Why use itertools.groupby instead of doing it yourself?

Question

from collections import defaultdict
import itertools

items = [(0, 0), (0, 1), (1, 0), (1, 1)]

keyfunc = lambda x: x[0]

# Grouping yourself
item_map = defaultdict(list)
for item in items:
    item_map[keyfunc(item)].append(item)

# Using itertools.groupby
item_map = {}
for key, group in itertools.groupby(items, keyfunc):
    item_map[key] = [i for i in group]

What is so great about itertools.groupby that I should use it instead of doing it myself? Can it perform the grouping in less time complexity? Or, am I missing the point with my use case, and groupby should be used for other cases?

---

Another poster mentioned that itertools.groupby will return a different result if the items to be grouped are not sorted by the key (or rather just that keys are consecutive to one another).

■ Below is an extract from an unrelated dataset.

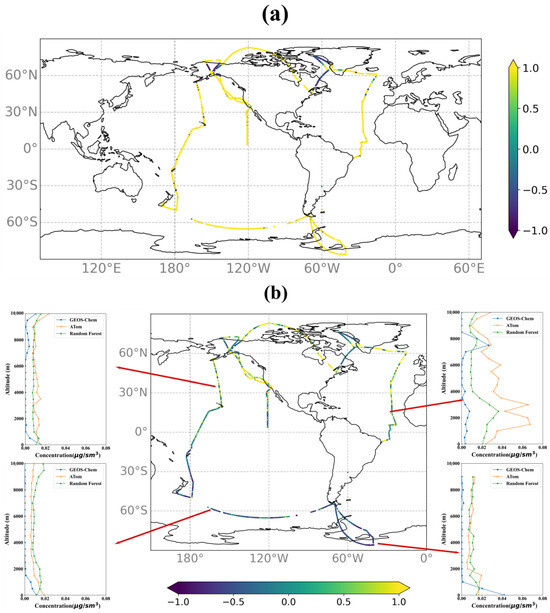 For BC, as shown in Figure 7, the Pacific Ocean benefited more from these corrections than the Atlantic; in the Northern Pacific, discrepancies were minimized except at altitudes between 2000 m and 3000 m. In the Southern Pacific, the algorithm tended to overestimate BC concentrations in the upper layers (above 8000 m) but achieved a better accuracy at other altitudes. In the Northern Atlantic, despite the algorithm’s correction of underestimation, a low bias remained in the lower and middle layers (below 5700 m), with more accurate simulations in the upper layers, which is similar with the refinement effect of ammonium using Random Forest. In the Southern Atlantic, the corrected model still slightly underestimated BC concentrations in the lower layers (<2500 m), while moving closer to observations in the middle and upper layers (>2500 m).

For example, with items = [(0, 0), (1, 1), (0, 2)] , if we don't sort on the key, itertools.groupby returns

{0: [(0, 2)], 1: [(1, 1)]}

Whereas my implementation returns

{0: [(0, 0), (0, 2)], 1: [(1, 1)]}

Unless I'm misunderstanding the point, it would seem that the DIY method is better because it doesn't require the data to be sorted.

Here is the documentation :

Make an iterator that returns consecutive keys and groups from the iterable. The key is a function computing a key value for each element. If not specified or is None, key defaults to an identity function and returns the element unchanged. Generally, the iterable needs to already be sorted on the same key function

Answer 1

Generally the point of using iterators is to avoid keeping an entire data set in memory. In your example, it doesn't matter because:

• The input is already all in memory.
• You're just dumping everything into a dict , so the output is also all in memory.

Or, am I missing the point with my use case, and groupby should be used for other cases?

I think that's an accurate assessment.

Suppose items is an iterator (eg let's say it's lines being read from stdin) and the output is something other than an in-memory data structure (eg stdout):

for key, group in itertools.groupby(items, keyfunc):
    print("{}: {}".format(key, str([i for i in group])))

Now it would be less trivial to do that yourself.